Lindsay fought as a captain in the Scots (Fusilier) Guards during the Crimean War. He was awarded the Victoria Cross for his actions on 20 September 1854 at the Battle of the Alma and 5 November at the Battle of Inkerman. The London Gazette described his actions as follows:

When the formation of the line of the Regiment was disordered at Alma, Captain Lindsay stood firm with the Colours, and by his example and energy, greatly tended to restore order.

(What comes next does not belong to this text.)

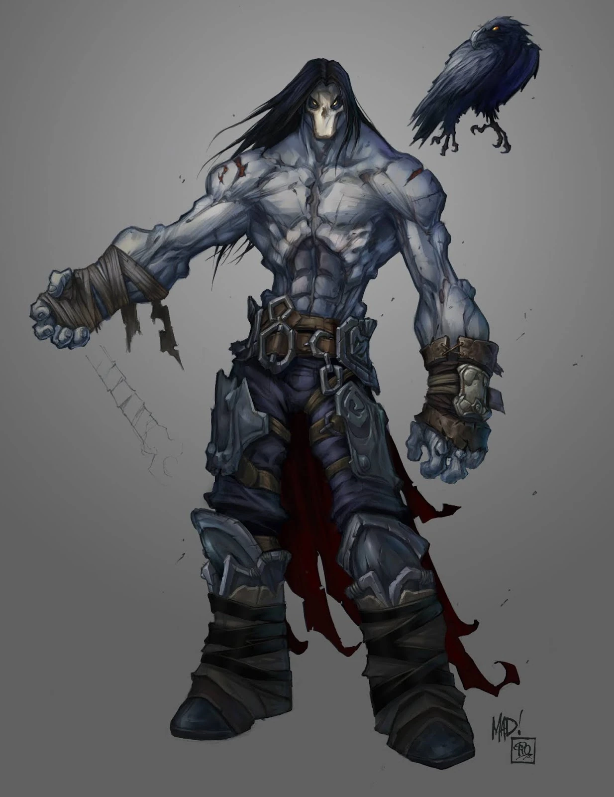 Personality: War has been described as the most honorable of the Four Horseman. He has demonstrated an unwillingness to kill foes who are not a threat to him, and has been shown to be disgusted by the very idea of killing an opponent when they are not at full strength. He also demonstrated this trait in his unwillingness to kill the Watcher when Samael urged him, still holding loyalty to the Council at the time. War is normally characterized by a very serious attitude. He tends to speak only when necessary, and even then tends to say only what absolutely needs to be said. He is also known to smile only rarely, and typically only either in battle or in anticipation of one. Beneath his stoic exterior, War is quick to anger and can be quite fearsome when provoked. Despite being quick to anger however, he has demonstrated a great deal of control over his temper, and is only rarely enraged to the point of actually losing control. He is known to relish combat, though he is known to dislike winning through dishonorable or underhanded means. He is also known to despise using stealthy means to achieve his ends, preferring open conflict to deception or subtlety and especially hating the idea of assassinating a foe. However, this straightforwardness should not be mistaken for a lack of intelligence, as Death himself has openly acknowledged that War's tactical acumen is even greater than his own. However, War can also be somewhat belligerent, and is known to sometimes lose himself to the thrill of battle. Perhaps the greatest example of this was the incident that cost him his natural left arm. Swept up in the heat of combat, he refused an order from Death to stand down during a battle with an unidentified group of opponents. He then engaged his fellow Horsemen and attempted to kill Fury in his rage. The blow was intercepted by Death, who admonished War and sliced his arm off as a lesson. Despite his loyalty, even the Council is said to have difficulty reigning in his lust for battle on occasion. Despite his honorable tendencies, he is phenomenally brutal in combat, and can be quite vindictive if he has been wronged by an opponent. For instance, before executing Abaddon, War took advantage of a critical injury he had dealt to his foe to tear Abaddon's wings off of his back, for no other reason than to spite him for all the trouble he had caused War. He also seems to share a close bond with Death, and has been shown to trust his elder brother almost implicitly despite their extremely differing personalities.

At Inkerman, at a most trying moment, he, with a few men, charged a party of Russians, driving them back, and running one through the body himself.
—London Gazette

Lindsay was personally presented with the Victoria Cross by Queen Victoria at the first VC investiture held at Hyde Park, London, on 26 June 1857.

On 9 November 1858 Lindsay was appointed as Equerry to HRH The Prince of Wales and served as such before resigning on 7 February 1859. The brief period as Equerry was due to his engagement and impending marriage to The Honorable Harriet Sarah Jones Loyd. The couple were then known as Loyd-Lindsay.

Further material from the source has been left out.